Aufgrund eines hauchdünnen Neins im Nationalrat wird der Ärztestopp nicht verlängert. Für Bundesrat Alain Berset ist dies eine Entscheidung gegen sein Vorhaben, einen weiteren Anstieg der Gesundheitskosten zu vermeiden. Was nun? Der Gesundheitsminister äusserte sich gegenüber SRF.

Legende: Video Alain Berset: «Schlechte Nachricht für die Prämienzahler» abspielen. Laufzeit 0:26 Minuten.
Aus News-Clip vom 18.12.2015.

Der Bundesrat wollte die Zulassung von Ärzten dauerhaft steuern. Eine befristete Lösung, die den Kantonen eine entsprechende Kompetenz seit Juli 2013 einräumte, läuft Mitte nächsten Jahres aus. Diese wird aufgrund des heutigen knappen Neins des Nationalrats nun nicht verlängert.

Gesundheitsminister Alain Berset betont gegenüber SRF, dass der Entscheid in erster Linie die Prämienzahler betreffe: «Wir wollten den Kantonen unbedingt eine Möglichkeit geben, die Prämien zu senken. Dieses Instrument ist jetzt vom Tisch. Das heisst, die Kantone können für 40 Prozent der Prämien nichts tun, das ist ziemlich viel Geld. Nun müssen wir eine Erhöhung der Kosten und Prämien erwarten.»

Legende: Video «Die Kosten in den Kantonen werden steigen» abspielen. Laufzeit 0:13 Minuten.
Aus News-Clip vom 18.12.2015.

Schlechte Erfahrungen während 2012 und 2013

Beziffern kann Bundesrat Berset den befürchteten Kostenanstieg nicht. Doch verweist er auf die Jahre 2012 und 2013, als die Kantone die Zulassungen während 18 Monaten bereits schon einmal nicht mehr steuerten.

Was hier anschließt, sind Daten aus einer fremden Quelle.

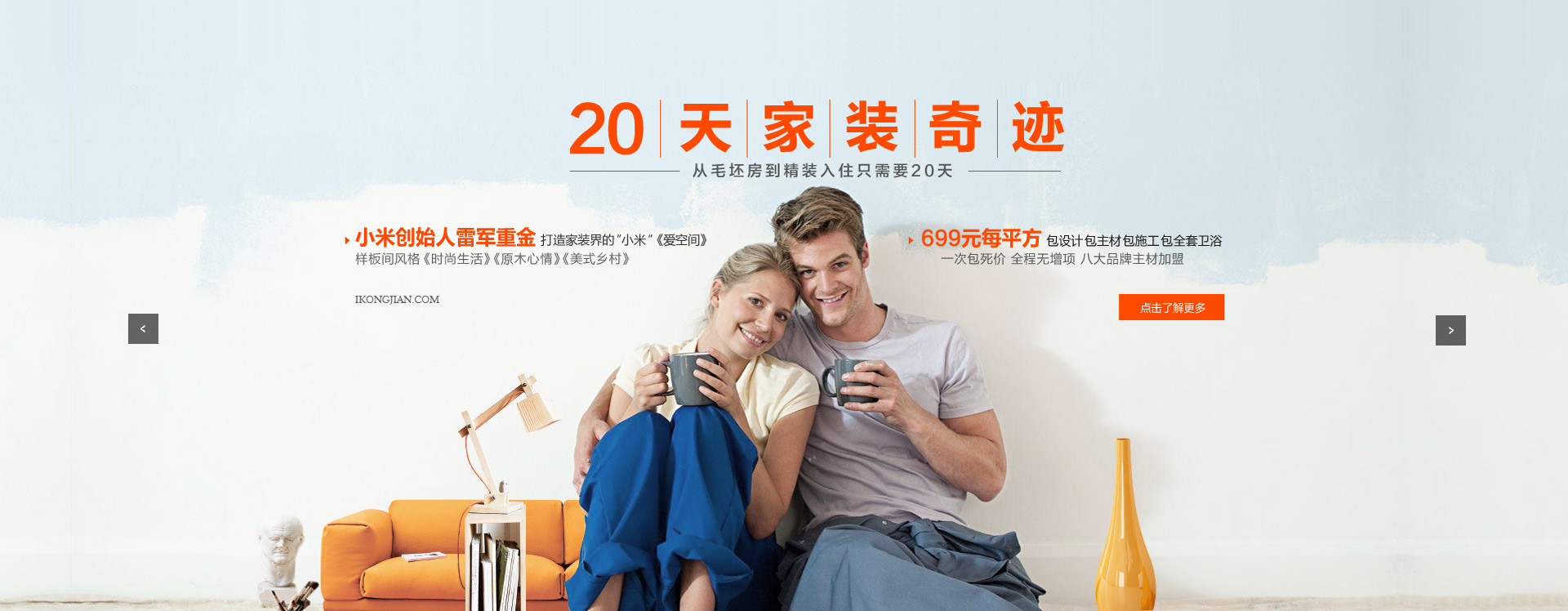 Achieved LeiJun Risk Investment Successfully in 7 Months,Jumped to become the leading brand for Home Decoration Ever since the company was founded,we have consistently collaborated with lkongjian,to grow together,to perfectionalize the supply chain,gradually increase individual's influence and capabilities.In 2014,we assited lkongjian to enter Tmall,successfully entered the November 11 sales opportunity after 3 months of determination and hardships.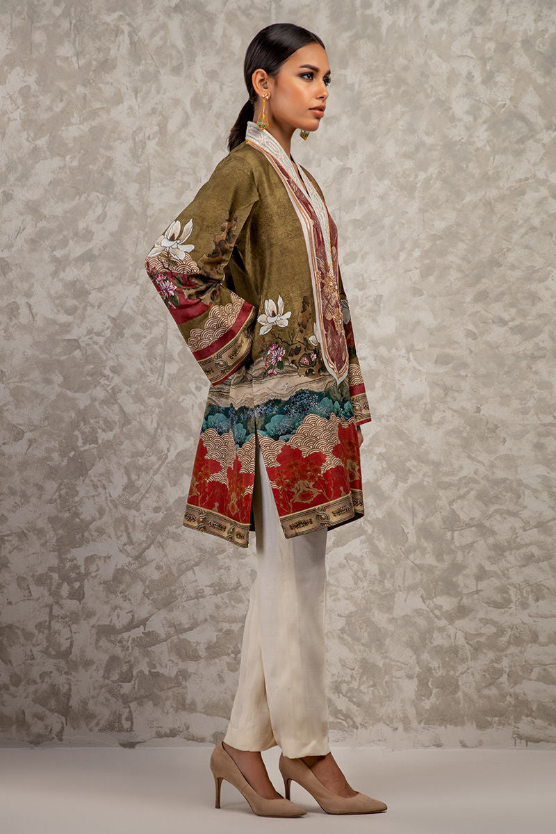 Short straight silhouette print on silk fabric. Chinese Art inspired ornaments. White resham thread handmade geometric galla patti enhanced with gold tila thread beautiful floral resham thread embroidered motif enhanced with zardzoi work appliqued on the shirt. Can be paired with pants as shown in the picture.
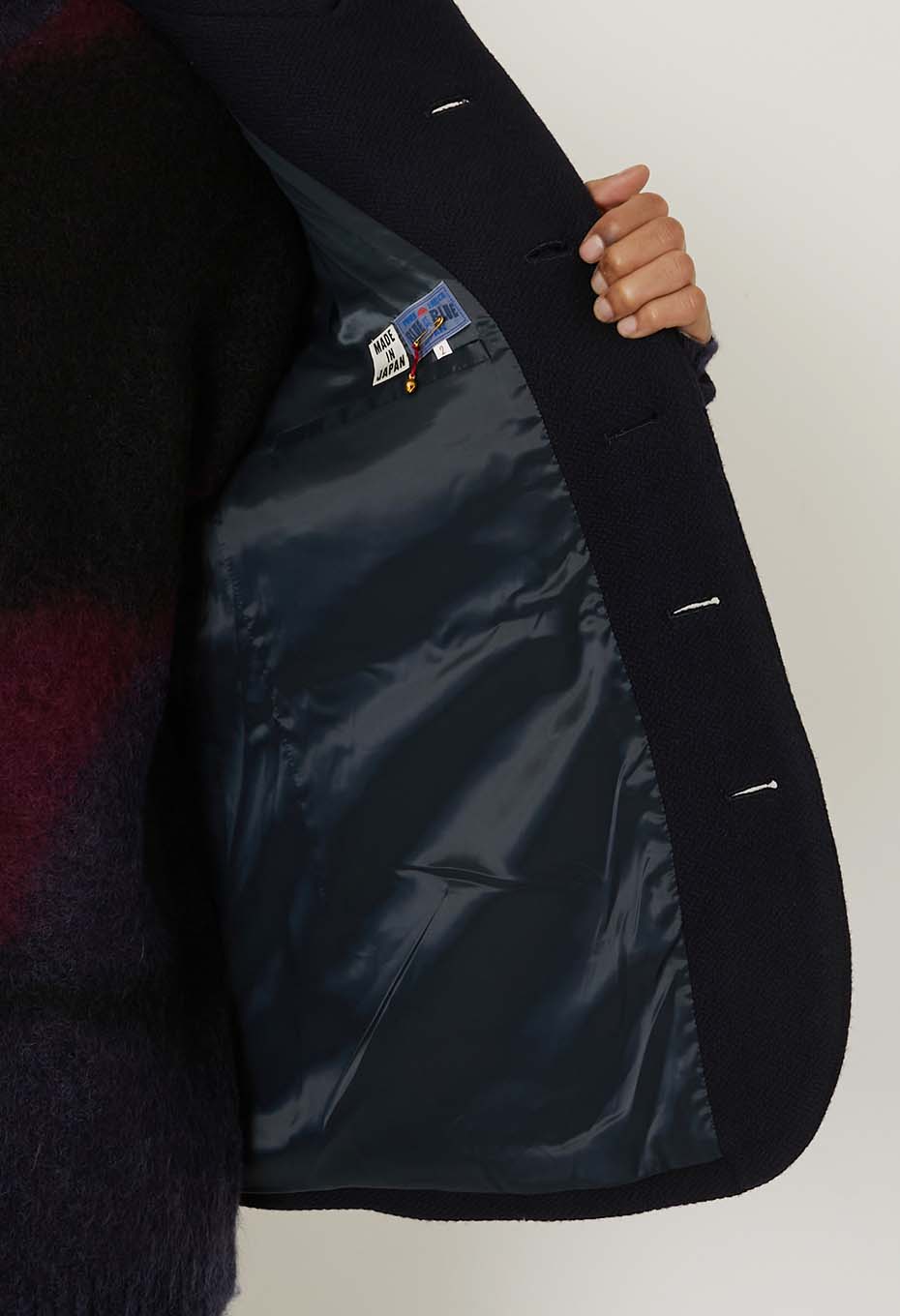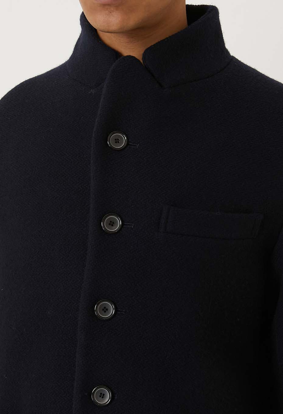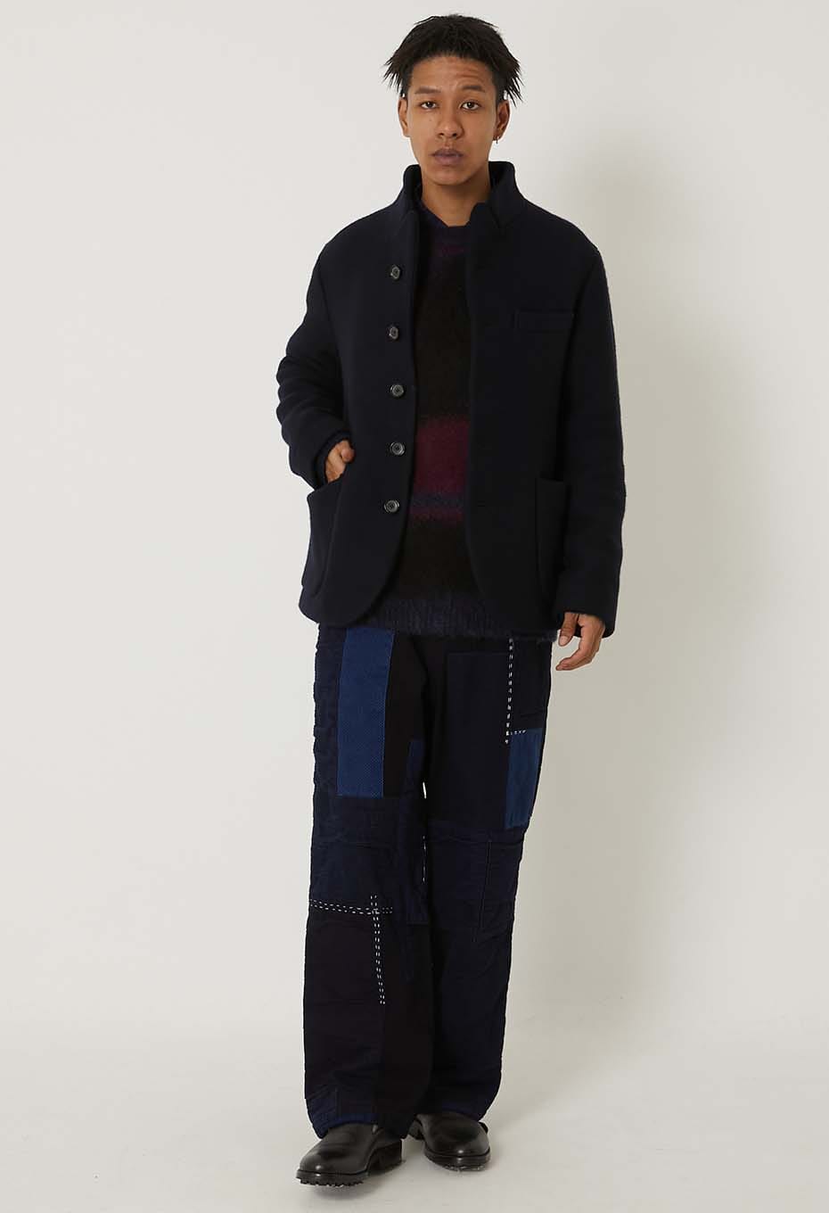 ラペルの形をなだらかに修正し、よりベーシックな雰囲気に仕上げました。袖山がきれいに馴染むように改善。クラシックな雰囲気を持つスタンドラペルのジャケットをモダンなサイズ感に調整し、身頃や肩回りに適度なゆとりをもたせています。
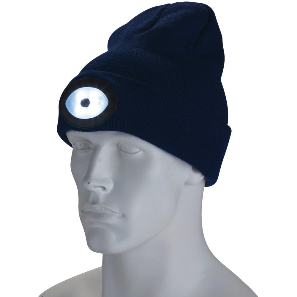 Portwest Beanie Hat and USB Rechargeable LED Head Light Navy One Size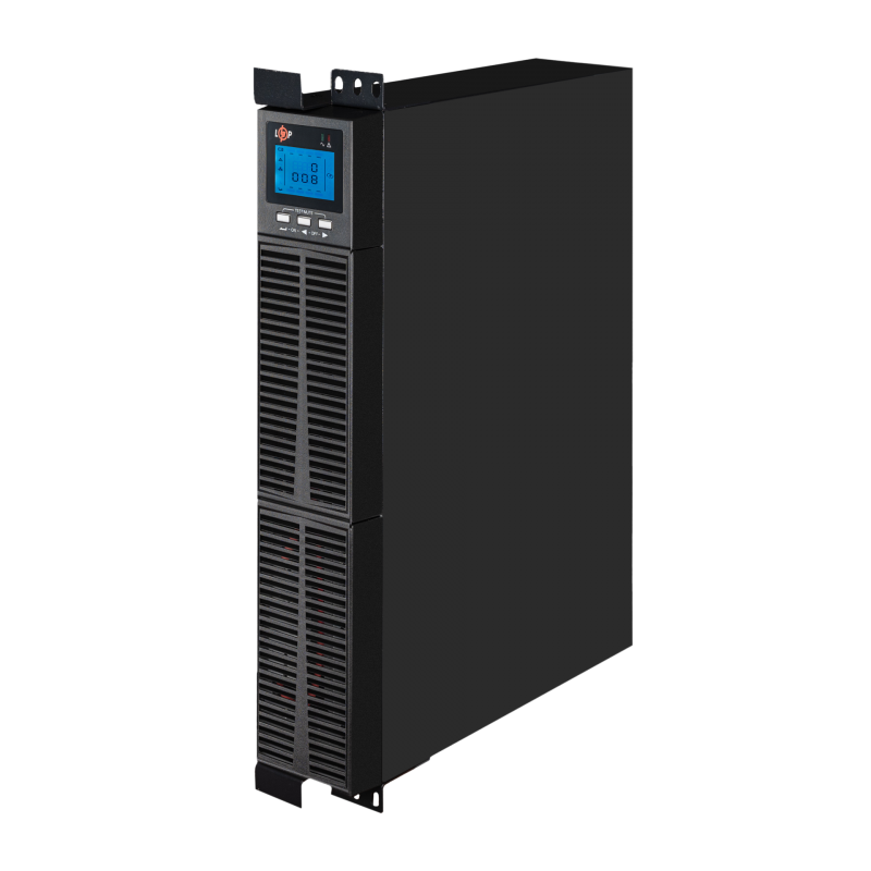 Корпус Smart-UPS LogicPower-1000 PRO(rack mounts) изготовлен из металлического сплава. На передней панели расположен LCD экран для контроля параметров работы устройства.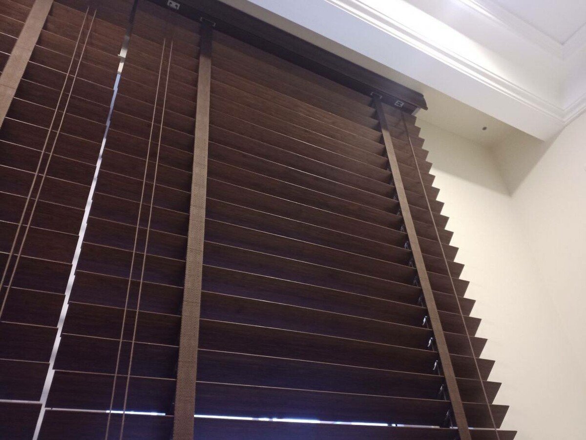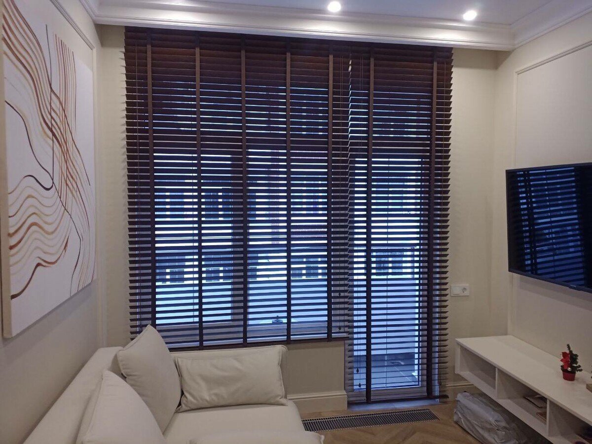 Деревянные жалюзи 50 мм. темный дуб, 50−70

«Es gab eine Verdoppelung der Ärzte, die sich in der Schweiz installieren wollten», so Berset. Vor allem seien ausländische Spezialisten in Grenzkantone und Städte gekommen. «Im Kanton Tessin war es beispielsweise eine Vervierfachung, im Kanton Genf eine Verdreifachung», betont Berset weiter. Am Ende sei somit ohne Steuerung das Risiko gross, dass die Kosten stark ansteigen.

Legende: Video «Es gibt keinen mehrheitsfähigen Plan B» abspielen. Laufzeit 0:30 Minuten.
Aus News-Clip vom 18.12.2015.

«Es gibt keine Alternativen»

Für Berset ist klar, dass es den Entscheid des Parlaments zu respektieren gilt. Die Arbeit gehe weiter, doch habe die grosse Kammer heute entschieden, dass die Kantone nichts machen können, um die Kosten im ambulanten Bereich zu senken.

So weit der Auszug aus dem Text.